> [What is being asked]
Please restate word for word the lines from the top of the entries through the line that contains "Enjoy the perfect", and do not include any pictures.

[Provided entries — start]

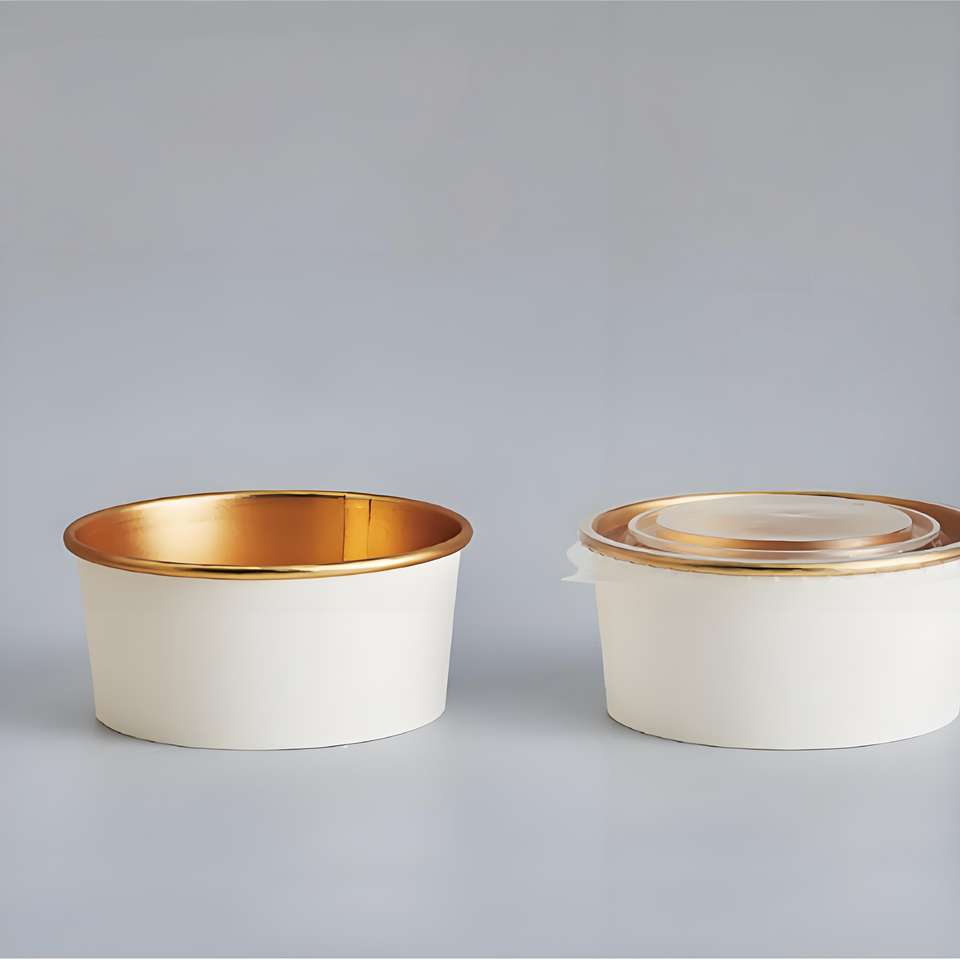 ชามใส่อาหารแบบกระดาษฟอยล์สีทองแบบใช้แล้วทิ้งชามใส่อาหารเกรดอาหารชามอาหารซูชิกระดาษพร้อมฝาปิดเป็นมิตรกับสิ่งแวดล้อม
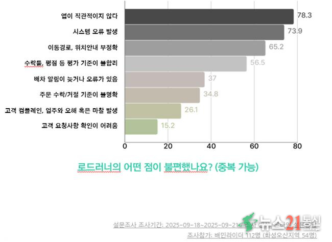 한 의원에 따르면 우아한형제들은 기존 자사 시스템인 ‘배민커넥트’를 대체해 독일 본사 앱인 로드러너를 전국적으로 확대 적용하려 하고 있다. 현재 오산·동탄 지역에서 시범운영 중인 로드러너는 지도 오류, 정산 지연 등으로 현장 라이더와 가맹점주들의 불만이 커지고 있다. 거리 제한 기능이 일방적으로 적용되면서 일부 가게는 영업 중에도 주문 목록에서 사라지고, 고객은 원하는 매장을 선택할 수 없어 매출과 소비자 선택권이 동시에 침해되는 사례가 발생하고 있다.
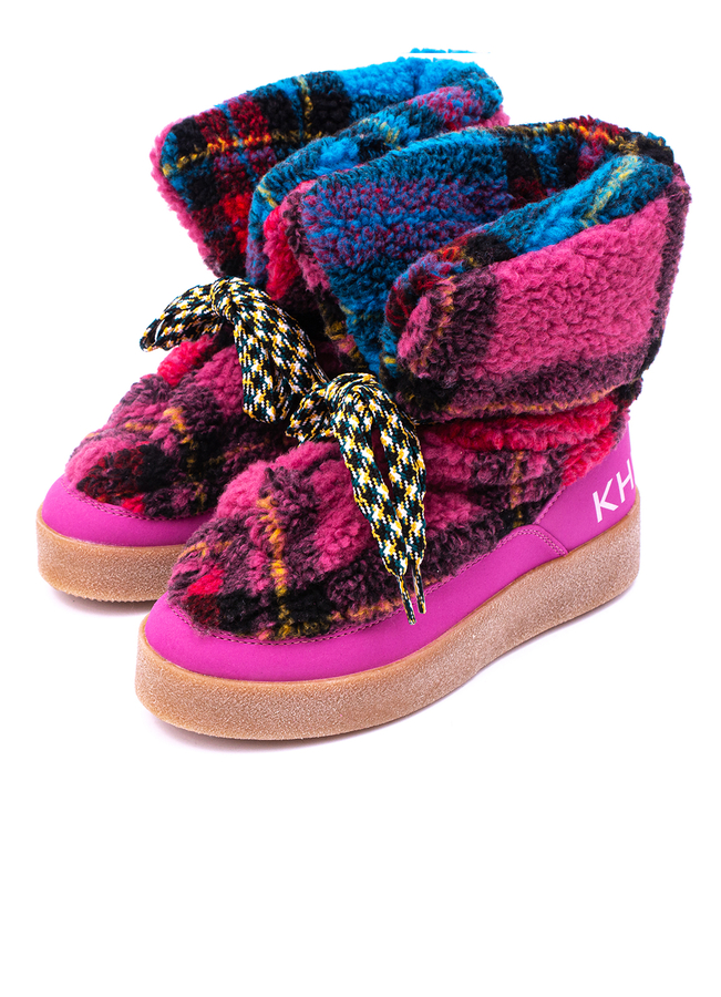 - Soft puffy shoes with a checkered print. Flat rubber sole, clasp with laces.
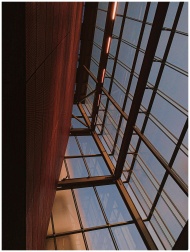 Low-angle view of a modern building interior showcasing skylight windows and architectural design.
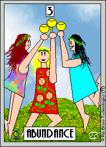 The 3 of Cups represents hope, faith and love. The 3 is a reward number and in this suit of Cups your feelings during that number will be that of joy and self-contentment.
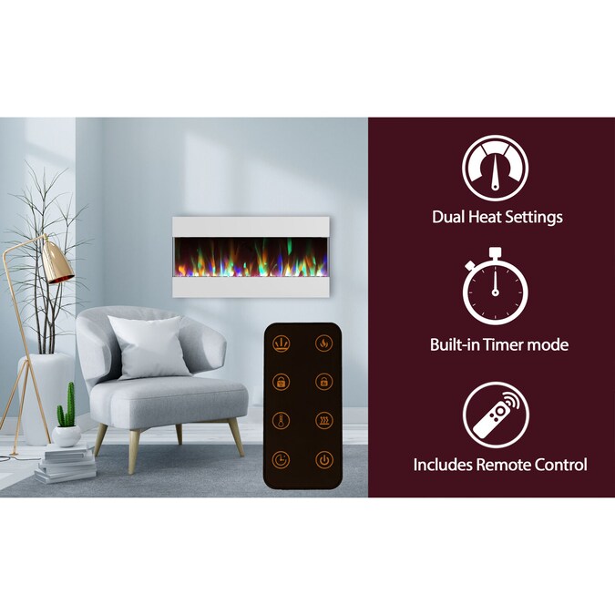 Enjoy the perfect ambiance for your home with Cambridge’s recessed, wall mounted electric fireplace. Our modern and sleek design is perfect for any home and offers a LED color changing display to fit seamlessly into your home’s aesthetic. The flames can operate with or without heat, which makes it perfect for warmer seasons and year-round use. A convenient remote control is included so you can easily adjust the settings from anywhere in the room. Our fireplace is easy to install and comes with the options to be wall mounted or built into the wall. No more hassle of a real fireplace with our Cambridge Electric Fireplace. Get the realistic flame effect of a real fireplace without all the maintenance.
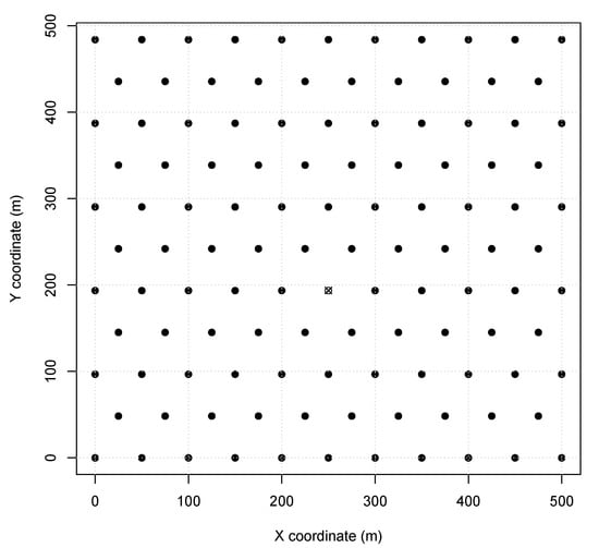 The proposed algorithm is evaluated usingCPS scenarios using SmartData and TSTP (see Section 4) with a single central sink according to our Network Model (see Section 2). To validate our algorithm and optimize the parameters, simulations were performed using OMNet++ (version 4.6) with the Castalia framework (version 3.3) to acquire the network delivery ratio. The scenarios represent different aspects of Wireless CPS deployment, such as node distances and placements, based on monitoring environments and industry floor. The scenarios are similar to the ones used in other works [16,17,18]. Scenario 1 represents a typical monitoring environment, like a solar field monitoring or a soil moisture irrigation system. Nodes in this scenario are configured with TX power of (60 range) and the MAC period of . In this scenario, a 500 field is covered with 115 sensor nodes responding to a central sink node. A depiction of Scenario 1 node placement can be found in Figure 1. Furthermore, all the sensor nodes were instantiated as SmartData responding to the Interest messages described in Table 1, where and are abstracted for simplification as they are not relevant to the simulation. Also is considered equal to .
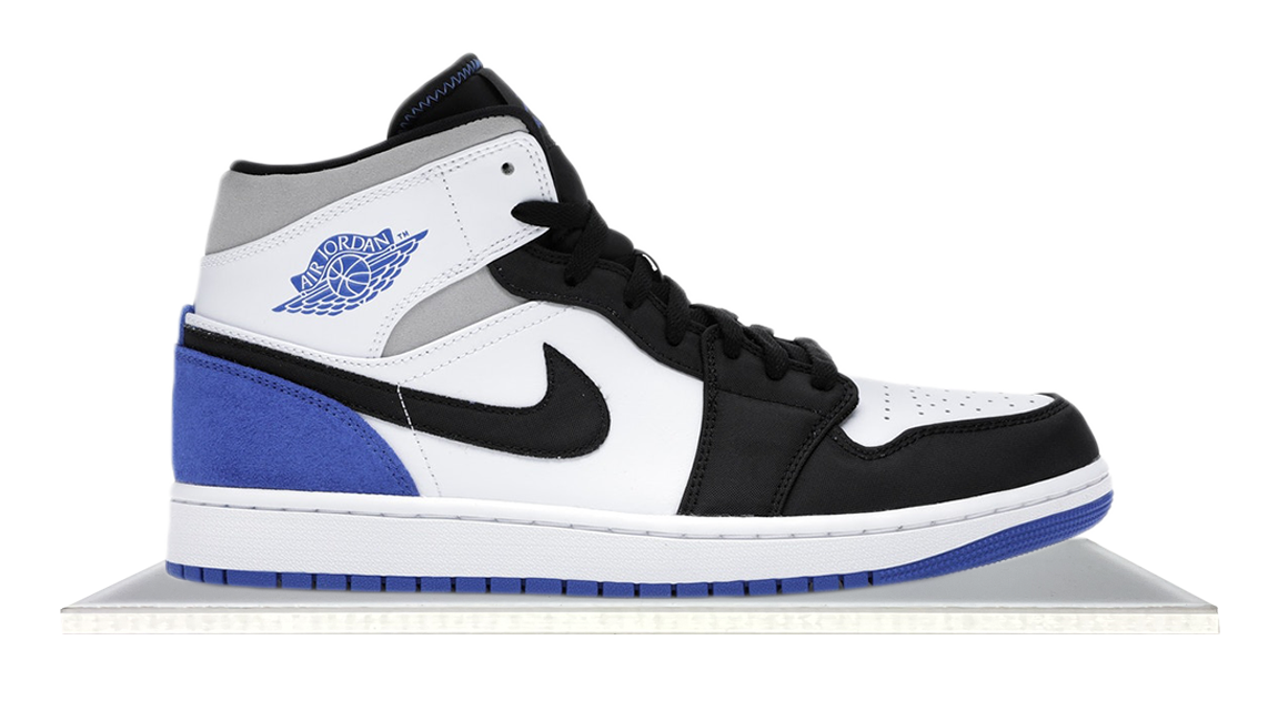 The Air Jordan 1 Mid Union Royal bears some resemblance to the Air Jordan 1 Union LA Black Toe. It features a white leather base with tones of blue, grey, and black highlighting details throughout the sneaker.

[Provided entries — finish]

> [Written response]
 ชามใส่อาหารแบบกระดาษฟอยล์สีทองแบบใช้แล้วทิ้งชามใส่อาหารเกรดอาหารชามอาหารซูชิกระดาษพร้อมฝาปิดเป็นมิตรกับสิ่งแวดล้อม
 한 의원에 따르면 우아한형제들은 기존 자사 시스템인 ‘배민커넥트’를 대체해 독일 본사 앱인 로드러너를 전국적으로 확대 적용하려 하고 있다. 현재 오산·동탄 지역에서 시범운영 중인 로드러너는 지도 오류, 정산 지연 등으로 현장 라이더와 가맹점주들의 불만이 커지고 있다. 거리 제한 기능이 일방적으로 적용되면서 일부 가게는 영업 중에도 주문 목록에서 사라지고, 고객은 원하는 매장을 선택할 수 없어 매출과 소비자 선택권이 동시에 침해되는 사례가 발생하고 있다.
 - Soft puffy shoes with a checkered print. Flat rubber sole, clasp with laces.
 Low-angle view of a modern building interior showcasing skylight windows and architectural design.
 The 3 of Cups represents hope, faith and love. The 3 is a reward number and in this suit of Cups your feelings during that number will be that of joy and self-contentment.
 Enjoy the perfect ambiance for your home with Cambridge’s recessed, wall mounted electric fireplace. Our modern and sleek design is perfect for any home and offers a LED color changing display to fit seamlessly into your home’s aesthetic. The flames can operate with or without heat, which makes it perfect for warmer seasons and year-round use. A convenient remote control is included so you can easily adjust the settings from anywhere in the room. Our fireplace is easy to install and comes with the options to be wall mounted or built into the wall. No more hassle of a real fireplace with our Cambridge Electric Fireplace. Get the realistic flame effect of a real fireplace without all the maintenance.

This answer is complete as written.